The previous post looked at the basics of how to create a Smith chart. The Smith chart is the image of a Cartesian grid in the right half-plane under the function
f(z) = (z − 1)/(z + 1).
At the end of the post I noted that evenly distributed grid lines in the z plane result in very unevenly spaced circles on the Smith chart in the w plane. We can fill in the Smith chart how we please by working backward, starting from a desired spacing of circles in the chart and tracing them back to the z plane.
The inverse of the function f is
g(w) = (1 + w)/(1 − w).
Complete circles
The Smith chart contains two kinds of circles: circles that fit entirely inside the chart, which are the images of vertical lines in the z plane, and circles that extend outside the chart, which are the images of horizontal lines. In the image below, the former are blue and the latter are orange.

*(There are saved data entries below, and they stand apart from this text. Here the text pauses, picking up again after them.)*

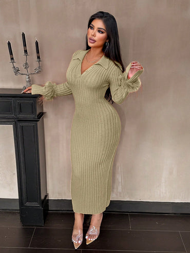 Raffinéa Elegant Bodycon AB Paneled High Slit Long Sleeve Open Cuff Fish Hem Stripe Mixed Knit Dress For Women, Autumn/Winter Maxi Women Outfit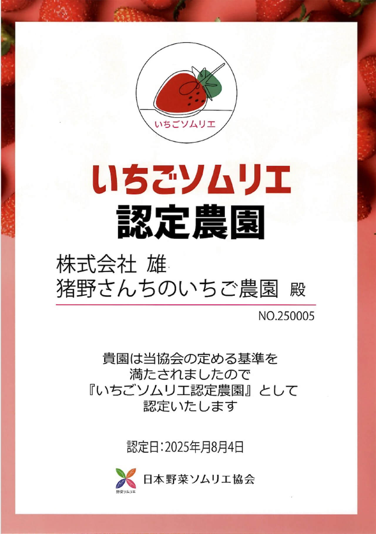 当社は、いちごに関する専門的な知識と技術を有する「いちごソムリエ認定農園」です。品種ごとの特徴や栽培環境、味わいの違いを深く理解し、より高品質ないちごづくりに活かしています。生産者としての責任を持ち、いちごの魅力を正しく伝えることを大切にしています。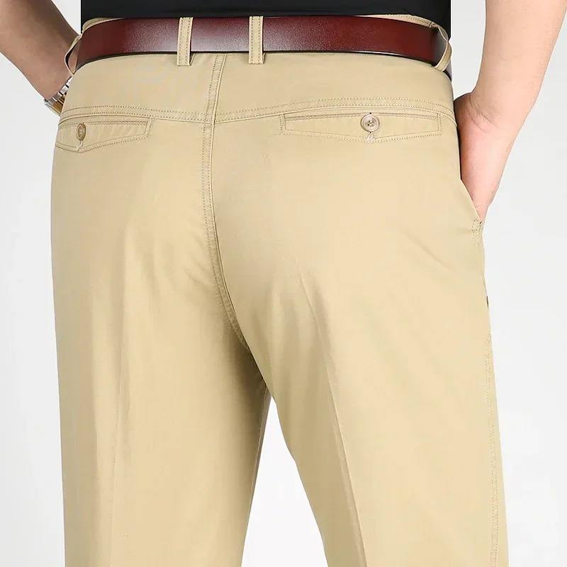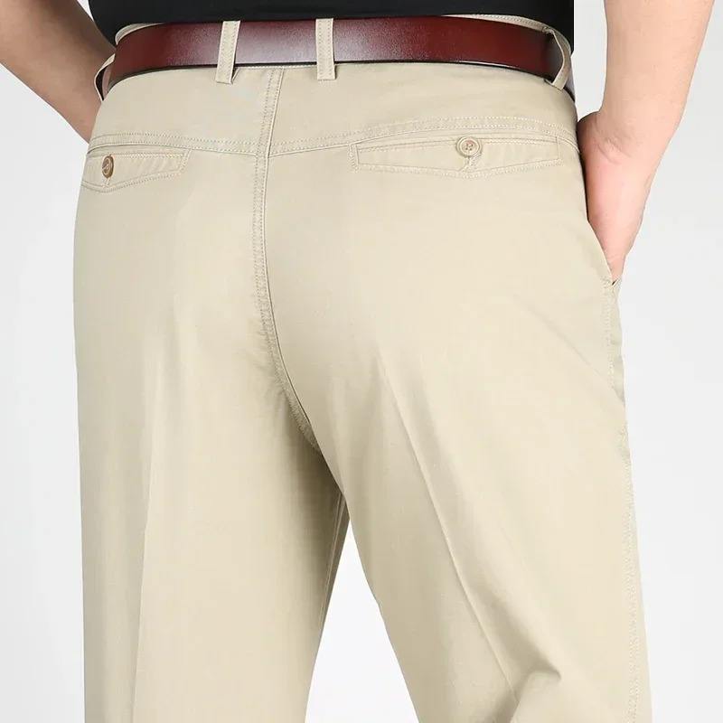 Pantalon taille moyenne pour hommes Pantalon habillé écologique respirant décontracté droit en coton ample fermeture à cordon solide blanc automne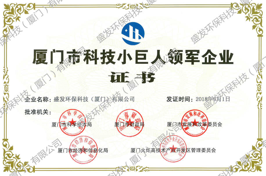 日前,盛發(fā)環(huán)??萍迹◤B門)有限公司憑借在研發(fā)投入、創(chuàng)新實(shí)力、科技成果轉(zhuǎn)化、自主知識產(chǎn)權(quán)、融資能力等多項(xiàng)指標(biāo)的突出表現(xiàn),在眾多從事戰(zhàn)略新興產(chǎn)業(yè)領(lǐng)域的中小企業(yè)中脫穎而出,被授予“2018年廈門市科技小巨人領(lǐng)軍企業(yè)“榮譽(yù)稱號。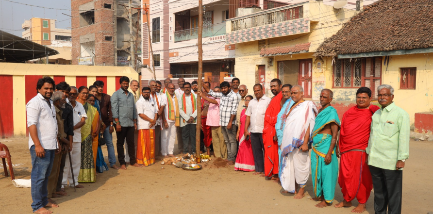 సిగ్మాతెలుగు డాట్, ఇన్ న్యూస్: భీమవరంలో పవిత్ర పంచారామ క్షేత్రంగా భాసిల్లుతున్న గునుపూడి ప్రాంతంలోని శ్రీ సోమేశ్వర జనార్ధన స్వామి వారి దేవస్థానం నందు రానున్న మహాశివరాత్రి వార్షిక కళ్యాణ మహోత్సవములు కు ఏర్పాట్లు ప్రారంభమయ్యాయి. ది 13- 2-2026 నుండి 17-2-2026వ తేదీ వరకు జరుగు కళ్యాణ మహోత్సవములు సందర్భంగా పందిరి రాట వేయుటకు ఆలయ పండితులు అర్చక స్వాములుశుభ ముహూర్తం నిర్ణయించడం జరిగినది. ఈ కార్యక్రమంలో చింతలపాటి బంగార్రాజు, ధర్మకర్తల మండలి చైర్మన్ మరియు ధర్మకర్తల మండల సభ్యులు బ్రహ్మ జోశ్యుల సత్యప్రసాద్ , బొచ్చా కృష్ణవేణి, పడమట లీల, పాల వెంకట రామకృష్ణ, సాయి నాగేంద్ర విజయలక్ష్మి కుమారి .యార్లగడ్డ రమేష్,బండి రమణ పొట్నూరి శ్యామ్ కుమార్ , పెద్దింటి జ్యోతిర్మయి కొప్పర్తి విజయ్ కుమార్, కందుకూరు సోమేశ్వరరావు, ఎక్స్ అఫీషియో మెంబరు మరియు ఆలయ ఇఓ రామకృషంరాజు, ఆలయ సిబ్బంది, గునుపూడి గ్రామ పెద్దలు మరియు భక్తులు పాల్గొన్నారు.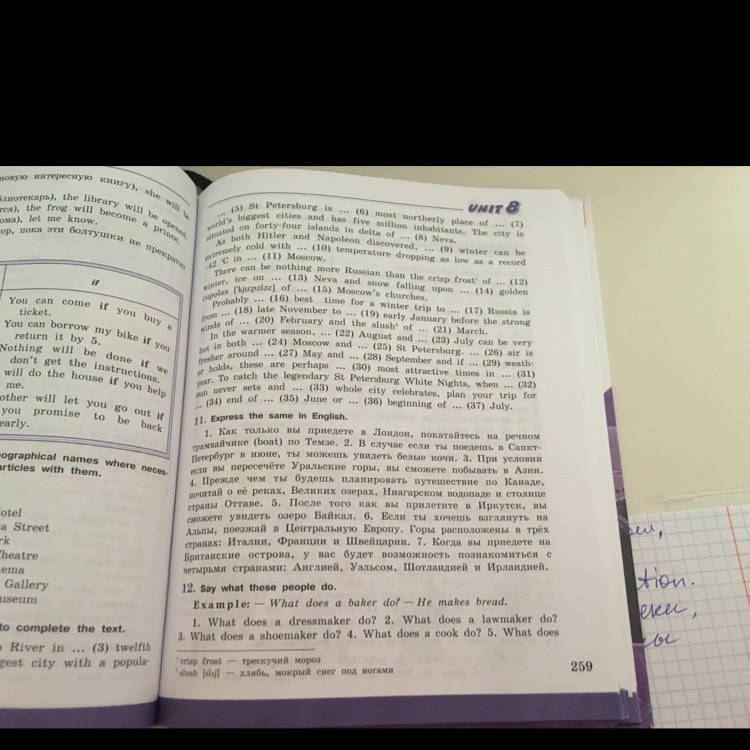 1.Once you arrive in London, take a boat ride on the Thames. 2.If you go to St. Petersburg in June you can see the white nights. 3.If you cross the Ural Mountains, you will be able to visit Asia. 4. Before you plan a trip to Canada, read about its rivers, Great Lakes, Niagara Falls and the capital of the country Ottawa. 5. After you arrive in Irkutsk, you can see lake Baikal. 6. If you want to look at the Alps, go to Central Europe. The mountains are located in three countries: Italy, France and Switzerland. 7. When you arrive on the British Isles, you will have the opportunity to get acquainted with four countries: England, Wales, Scotland and Ireland.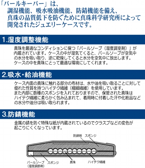 真珠に最低な環境で保管ができるケースです。湿度調整剤、防錆剤を内臓しており、さらに吸水効果

We can space out the complete (blue) circles how we wish and use the inverse transformation g(w) to determine the corresponding spacing of the vertical lines in the z plane. If we take a point w0 along the horizontal diameter of the Smith chart, w0 is a real number, and so is its inverse z0 = g(w0).
So if we’d like the intersections of the complete circles with the diameter to be uniformly spaced, we pick uniformly spaced points wi and use as our vertical lines in the z plane the lines with real part g(wi).
Here’s the image we’d get if we wanted circles passing through the diameter of the Smith chart at increments of 0.1.

And here’s the corresponding set of vertical lines in the z plane that would produce these circles.

Incomplete circles
Now onto the incomplete circles, the orange circles in the graph above that are perpendicular to the blue circles.
As we showed in the previous post, the outer rim of the Smith chart is the image of the imaginary axis in the z plane under the function f(z). So if we pick a point wi on the rim that we’d like a circle to pass through, we use the horizontal line with imaginary part equal to g(wi).
So if we wanted orange circles to cross the boundary of the Smith chart every 10°, we pick w‘s from the interval [−π, π] spaced π/18 apart.
We can create these lines on the Smith chart below

from these lines in the z plane.

Putting it all together
The image of this grid in the z plane

is the following in the w plane.

Compromise
The Smith charts printed in textbooks use some compromise between even spacing in the w plane and even spacing in the z plane.